Нет, новых неожиданных слов не услышать нынче на глядене. Как, однако, скуп людской мир на краски, тесен в словах и чувствах, словно бы наново народился, позабыв напрочь все прежнее, нажитое. Увидят, предположим, человека в бороде, скажут, почто в бороде, как древний старик; встретят парня кобелястого, сразу напоют в ухо: де, почто семью страмотишь; узнают, что ты бобыль, и давай упрекать: де, еще и борозды не вспахал, а уж овсеца просишь.

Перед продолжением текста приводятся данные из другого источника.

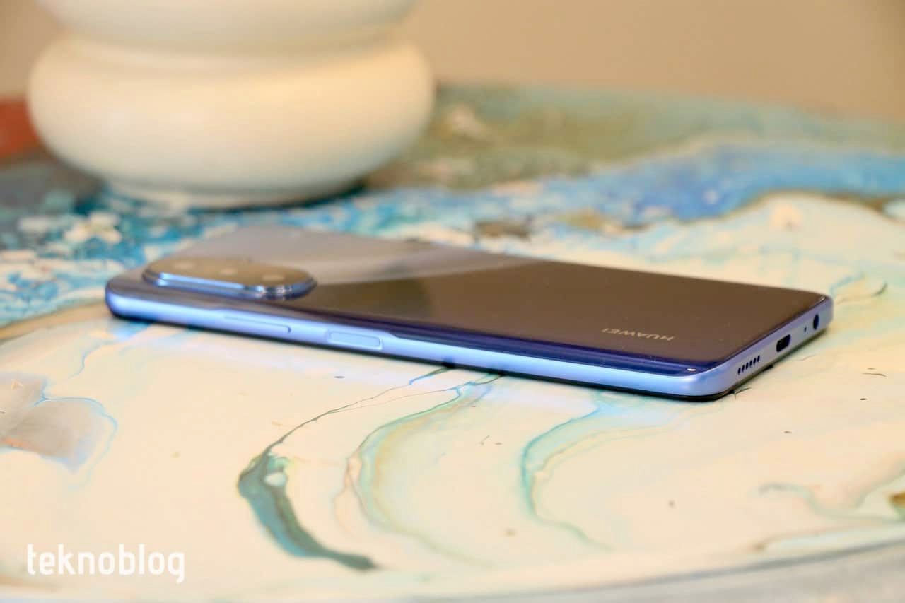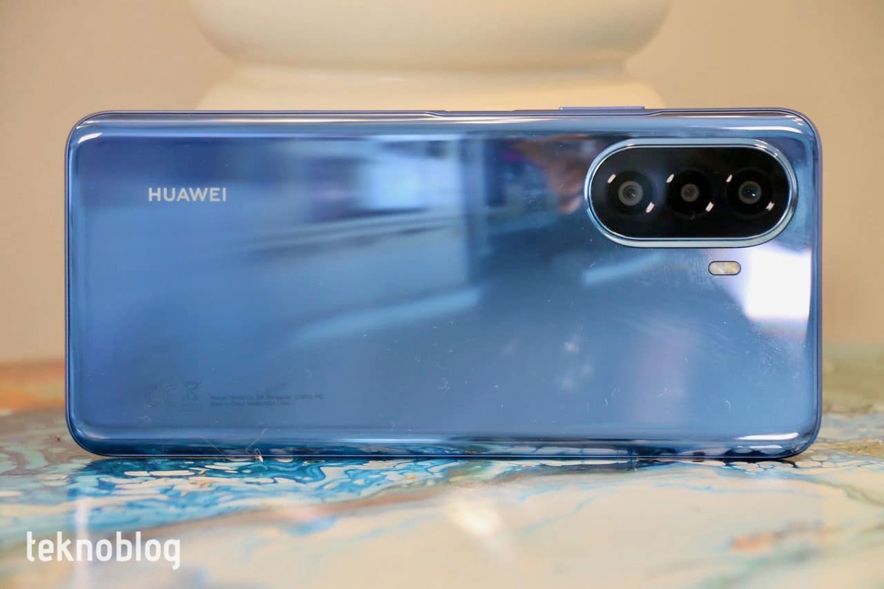 Alt kenarda USB-C portu, hoparlör, mikrofon ve 3.5mm kulaklık jakı var. Sol kenarda ise, üst tarafa doğru yerleştirilmiş olan nano SIM ve microSD kart tepsisi mevcut. Üst kenarda ise ikinci mikrofon bulunuyor. Arka tarafta elips biçiminde bir kamera modülü var. Bu kamera modülünün şekli, daha önce incelediğimiz Nova 9 ve 9 SE modellerindekiyle aynı olsa da, içerideki dizilim çok farklı. Üç tane kameranın dikey doğrultuda sıralandığını görüyoruz. Flaş ise bu adanın dışında yer alıyor. Huawei logosunun yatay doğrultuda yerleşimi, telefonun fotoğraf veya video çekimi sırasında yatay olarak tutulduğunda bir basçek kamera görünümü vermesinin istendiğini düşündürüyor. Bu açıdan daha önceki Huawei telefonlarıyla aynı yaklaşım sergilenmeye devam ediyor.
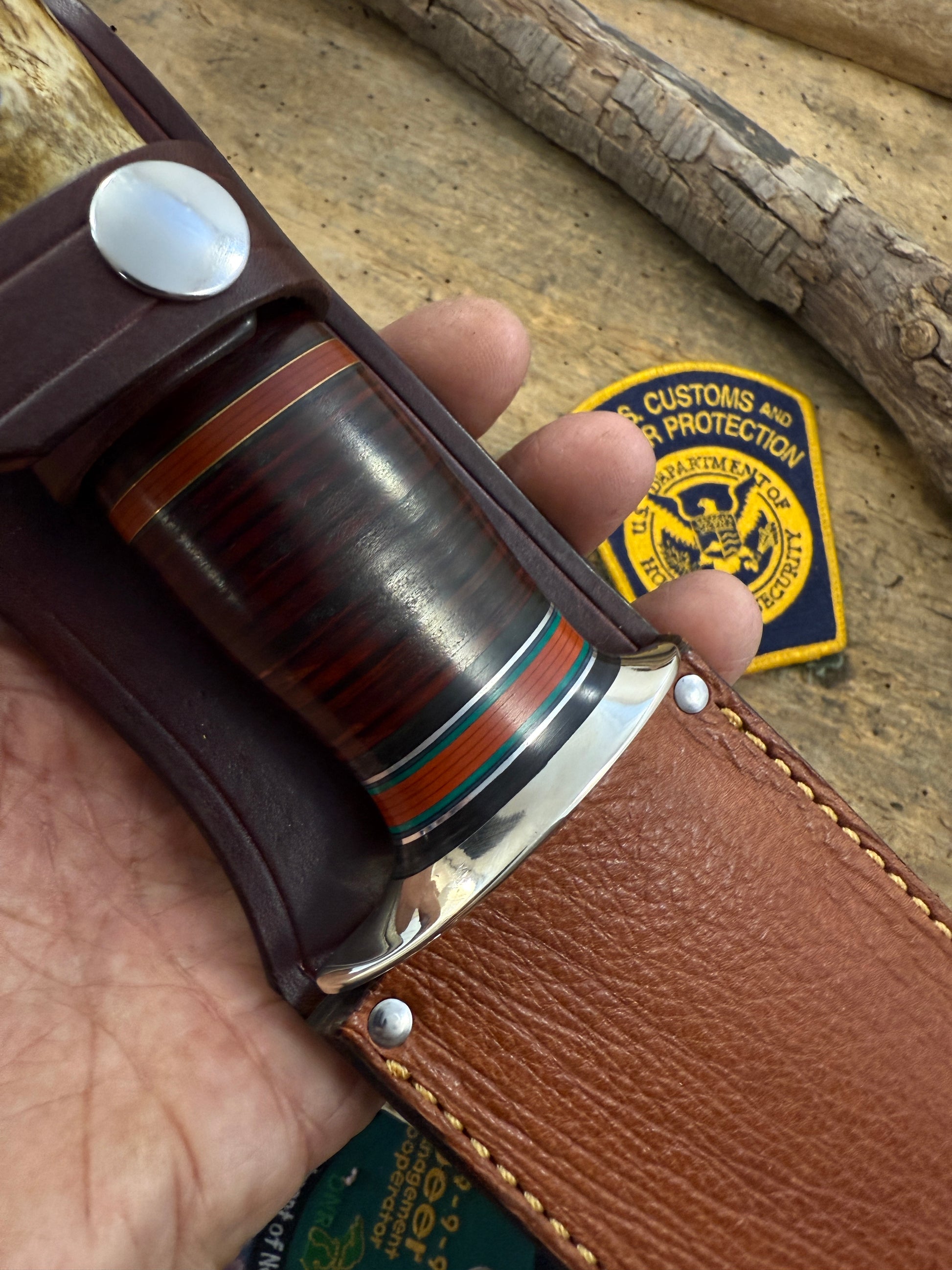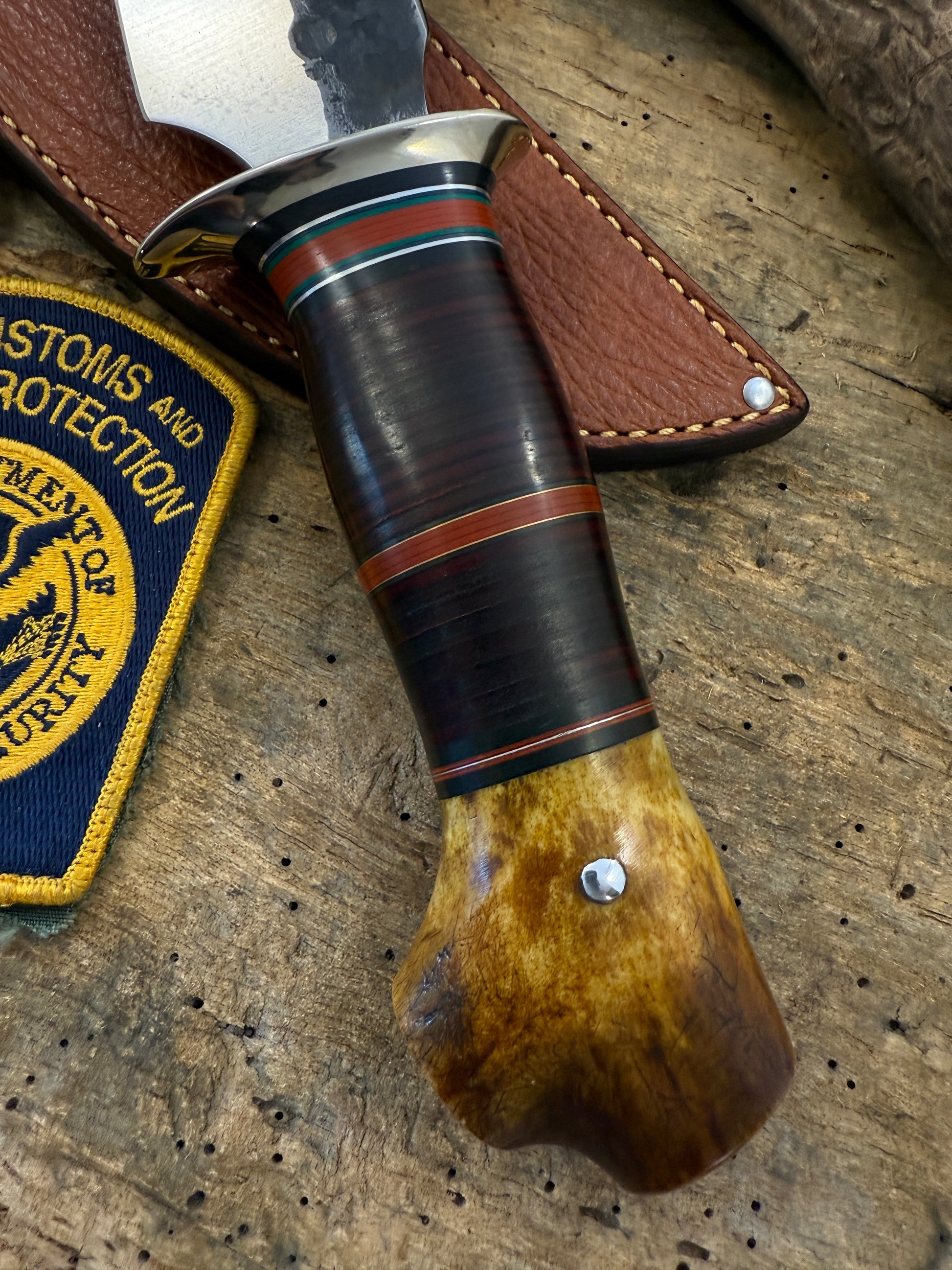 This is a big fat beast of a hunter/fighter and has a 6 3/4" hammer mark blade .250 thick forged blade. 1.900 wide. Hollow ground and sharp as hell. The guard is silver soldered nickel silver . The hidden tang handle has stacked horse hide with a pinned crotch stag butt. OAL is about 12 1/2". Sheath is shark . Ready to ship and priced to sell. Thanks, Jim TMK

Братилов приотодвинулся со скамьи, норовя прихватить ведра с водою, но баба Маня приостановила, и не словом даже, но какой-то особой интонацией в голосе, той жалостинкой, от которой внезапно вздрагивает душа.
— Тоска загрызает, милый?
Братилов пожал плечами.
— Загрызает. И краник залудел, и жизнь насмарку. Тоска загрызает бездельного человека.
— А тебе-то что до меня?
— Ребенка тебе надо. Сына. Тогда и тоске конец, — цеплялась за художника старбеня, словно бы видя для себя в чужой досаде сладкое удовольствие. Но ведь приклеила Братилова к скамейке, ибо прочитала старенькая насквозь, словно бы вывернула Братилова наизнанку. — А мне никогда скучно не было. У меня такая жажда к жизни была, такое стремление, политику изучала, в кружки ходила и никогда в стороне не была… Тоска, тоска, а сам никуда. Сиднем в дому, как пень. Крови застой, вот и тоска. А меня, бывало, все интересовало. Обрядишься и бегом на спевку. Нет, я никогда в стороне не стояла. — Баба Маня пожевала синими губами, стянула их в куриную гузку, в крохотный пятнистый узелочек, словно бы замолкла навеки, и все ее исхудалое личико с утиным шадроватым носом, и рыжими подпалинами на впалых щеках, и косенькими глазенками вдруг выразило одно сплошное недоумение. С нею ли то было? иль причудилось лишь? — И знаешь ли ты, Алеша? И у меня нынче завязалась какая-то тоска. Но другая… Нужда, дак.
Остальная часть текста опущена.